In secondo luogo, significa guardare la storia a partire dal basso anziche’ dall’alto (o dal presente). In terzo luogo, significa assegnare un peso adeguato al passato extra-europeo. Infine, occorre prendere coscienza del fatto che la stessa struttura portante della storiografia, la collocazione degli avvenimenti nel tempo e nello spazio, e’ variabile, soggetta a costruzione sociale e dunque a cambiamento. Non e’ fatta, cioe’, di categorie immutabili, che promanerebbero dal mondo stesso nella forma in cui esse sono presenti alla coscienza storiografica occidentale.

Gli abitanti del "vecchio paese"

Le dimensioni temporale e spaziale oggi prevalenti furono tracciate dall’Occidente. Cio’ avvenne perche’ l’espansione nel mondo rese necessarie la notazione cronologica e la costruzione di mappe, le quali fornirono l’intelaiatura non solo della geografia ma anche della storia. Beninteso, tutte le societa’ hanno conosciuto concetti spaziali e temporali intorno ai quali organizzare la vita quotidiana. Tali concetti diventarono piu’ elaborati (e piu’ precisi) con l’avvento dell’alfabetizzazione, che forni’ indicatori grafici per entrambe le dimensioni. Fu la prioritaria invenzione della scrittura, piuttosto che il possesso di una qualche intrinseca verita’ circa l’organizzazione spazio-temporale del mondo, a conferire alle piu’ importanti societa’ dell’Eurasia notevoli vantaggi nel computo del tempo e nella creazione e nel perfezionamento della cartografia, rispetto, per esempio, all’Africa, che aveva una cultura orale. (...)

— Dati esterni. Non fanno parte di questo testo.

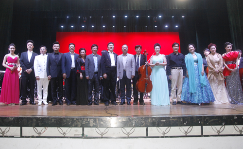 演出结束后,观看演出的甘筱青、王万山、杨耀防等校领导与江西师范大学音乐学院党委书记黄焰烘共同走上舞台,慰问全体演职人员,感谢他们的辛勤演出,祝贺演出取得圆满成功,并与他们合影留念。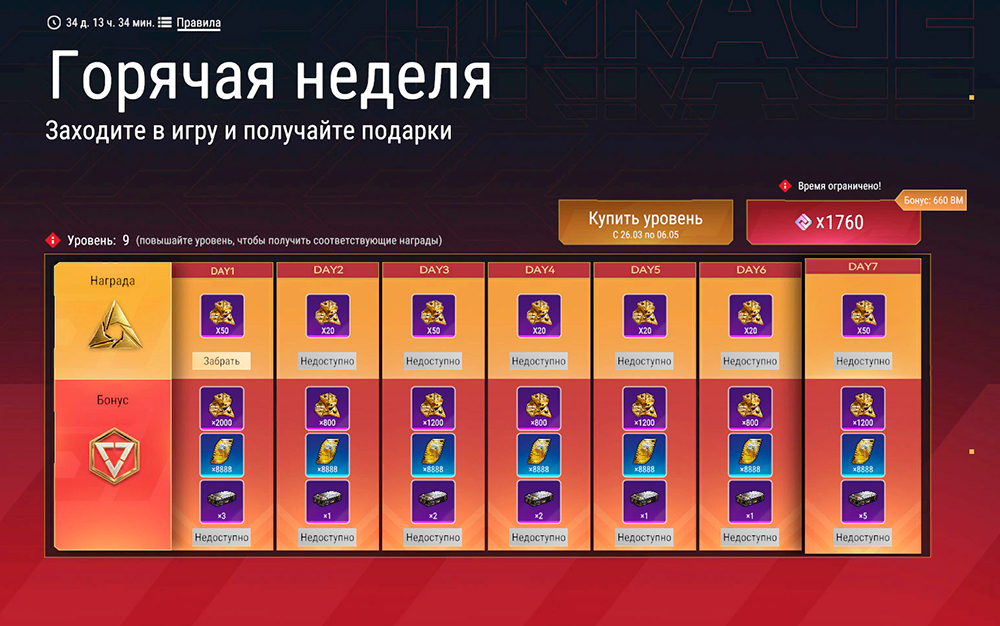 Заходи в игру на протяжении 7 дней и получай в подарок Звездные кристаллы. Повышая свой уровень в рамках события за Виртуальные монеты, ты сможешь разблокировать бонусные награды: Звездные кристаллы, очки опыта сезона и наборы "Диссоциаторы". Для получения бонусных наград также необходимо заходить в игру указанное число дней.

Il "furto della storia" non e’ soltanto l’appropriazione del tempo e dello spazio, ma anche la monopolizzazione dei periodi storici. Quasi tutte le societa’ sembrano compiere qualche tentativo di classificare il proprio passato secondo differenti periodi di tempo di lunga durata, rapportati alla creazione non tanto del mondo quanto dell’umanita’. Se, come e’ stato detto, per gli eschimesi il mondo e’ sempre stato come e’ ora, nella grandissima maggioranza delle societa’ gli esseri umani di oggi non sono considerati gli abitatori primigeni del pianeta. La loro presenza sulla terra ha avuto un momento di inizio, che presso gli aborigeni australiani era chiamato "il tempo del sogno"; secondo i loDagaa del Ghana settentrionale, i primi esseri umani abitavano "il vecchio paese" (come tengkuridem).

Calcoli cristiani

Con la comparsa della "lingua visibile", la scrittura, la periodizzazione sembra farsi piu’ complessa; troviamo l’idea di una primitiva eta’ dell’oro o paradiso, quando il mondo era un posto migliore in cui vivere, che l’umanita’ sarebbe stata costretta ad abbandonare a causa del suo (peccaminoso) comportamento: il contrario dell’idea di progresso e di modernizzazione. Altri ancora elaborarono una periodizzazione basata su cambiamenti nella natura degli utensili usati dagli esseri umani, che potevano essere di pietra, di rame, di bronzo o di ferro, una periodizzazione delle eta’ dell’uomo che fu assunta come modello scientifico dagli archeologi europei del XIX secolo.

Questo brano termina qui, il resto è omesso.